Assigned task:
Print each entry in full, word for word, with no pictures in the result.

Records provided:
------------------------------

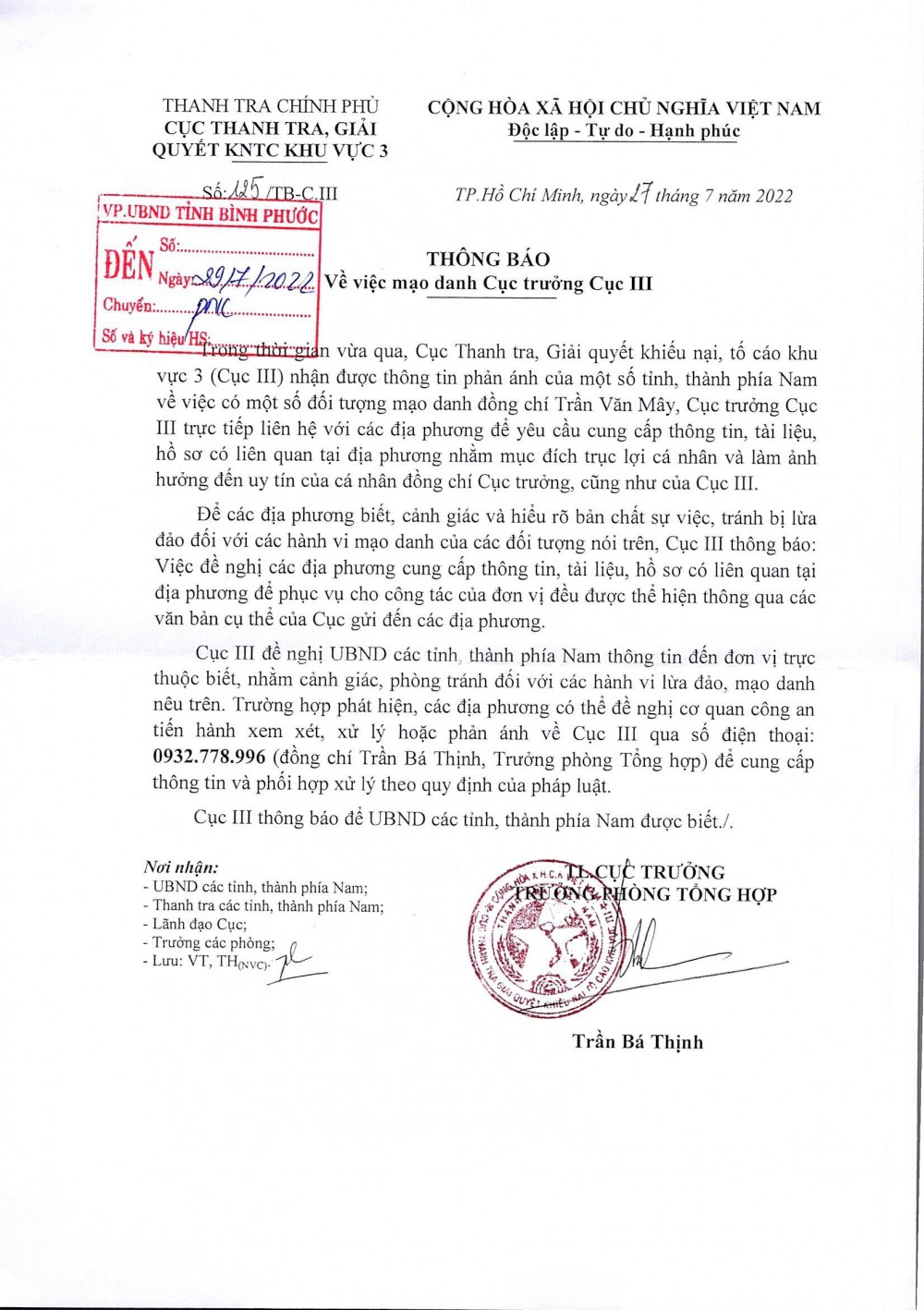 Trước đó, Cục Thanh tra giải quyết khiếu nại tố cáo Khu vực 3 có thông báo đến các tỉnh, thành phía Nam về về việc mạo danh Cục trưởng Cục 3.
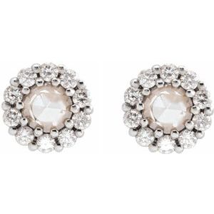 14K White 3/8 CTW Rose-Cut Diamond Halo-Style Earrings
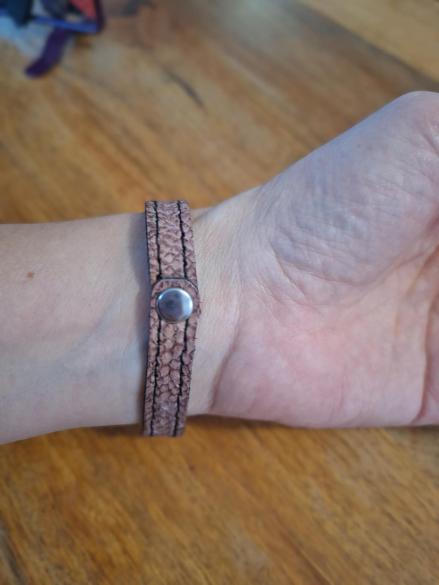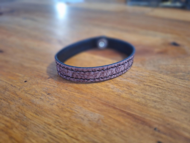 Bracelet en cuir de poisson (saumon) rose doublé en cuir de veau noir.
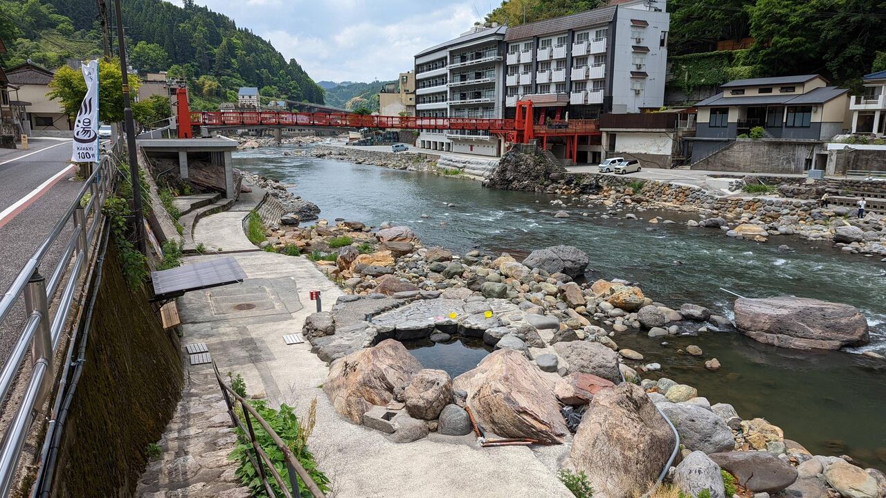 岐阜の飛騨にも川の中の温泉があって女が入ってるぞ、上から覗けるぞって旅行したとき親父が誰かが騒いでた
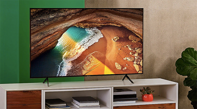 Smart Tivi QLED Samsung 4K 55 inch QA55Q65R có thiết kế tinh tế, chân đế kiểu chữ V ngược vững vàng trên mọi bề mặt phẳng.
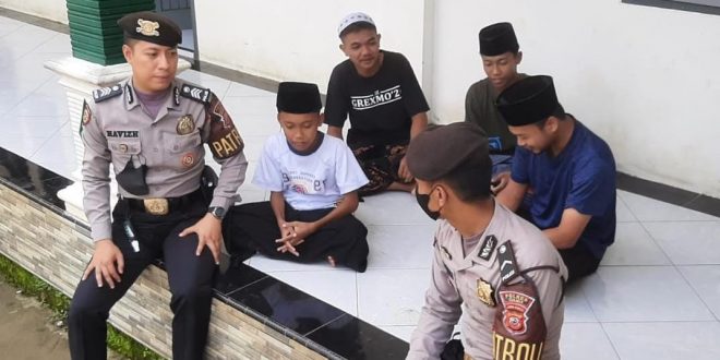 Polres Ciamis – Satuan Samapta Polres Ciamis Polda Jabar melaksanakan patroli dialogis ke lingkungan pondok pesantren di wilayah hukum Polres Ciamis. Patroli kali ini dilakukan ke lingkungan Pondok Pesantren Daarul Huda Meleber Ciamis Kab Ciamis. Patroli dialogis tersebut dibawah pimpinan AKP Cecep Edi Sulaeman selaku Kasat Samapta Polres Ciamis. Sementara patroli kali ini melibatkan tiga personel Unit Patroli Sat Samapta Polres Ciamis. Mereka diantaranya yakni Bripka Duddy, Brigadir Havizh dan Bripda Diki Adhi. Senin (05/12/2022).

------------------------------

Answer to this exercise:
 Trước đó, Cục Thanh tra giải quyết khiếu nại tố cáo Khu vực 3 có thông báo đến các tỉnh, thành phía Nam về về việc mạo danh Cục trưởng Cục 3.
 14K White 3/8 CTW Rose-Cut Diamond Halo-Style Earrings
 Bracelet en cuir de poisson (saumon) rose doublé en cuir de veau noir.
 岐阜の飛騨にも川の中の温泉があって女が入ってるぞ、上から覗けるぞって旅行したとき親父が誰かが騒いでた
 Smart Tivi QLED Samsung 4K 55 inch QA55Q65R có thiết kế tinh tế, chân đế kiểu chữ V ngược vững vàng trên mọi bề mặt phẳng.
 Polres Ciamis – Satuan Samapta Polres Ciamis Polda Jabar melaksanakan patroli dialogis ke lingkungan pondok pesantren di wilayah hukum Polres Ciamis. Patroli kali ini dilakukan ke lingkungan Pondok Pesantren Daarul Huda Meleber Ciamis Kab Ciamis. Patroli dialogis tersebut dibawah pimpinan AKP Cecep Edi Sulaeman selaku Kasat Samapta Polres Ciamis. Sementara patroli kali ini melibatkan tiga personel Unit Patroli Sat Samapta Polres Ciamis. Mereka diantaranya yakni Bripka Duddy, Brigadir Havizh dan Bripda Diki Adhi. Senin (05/12/2022).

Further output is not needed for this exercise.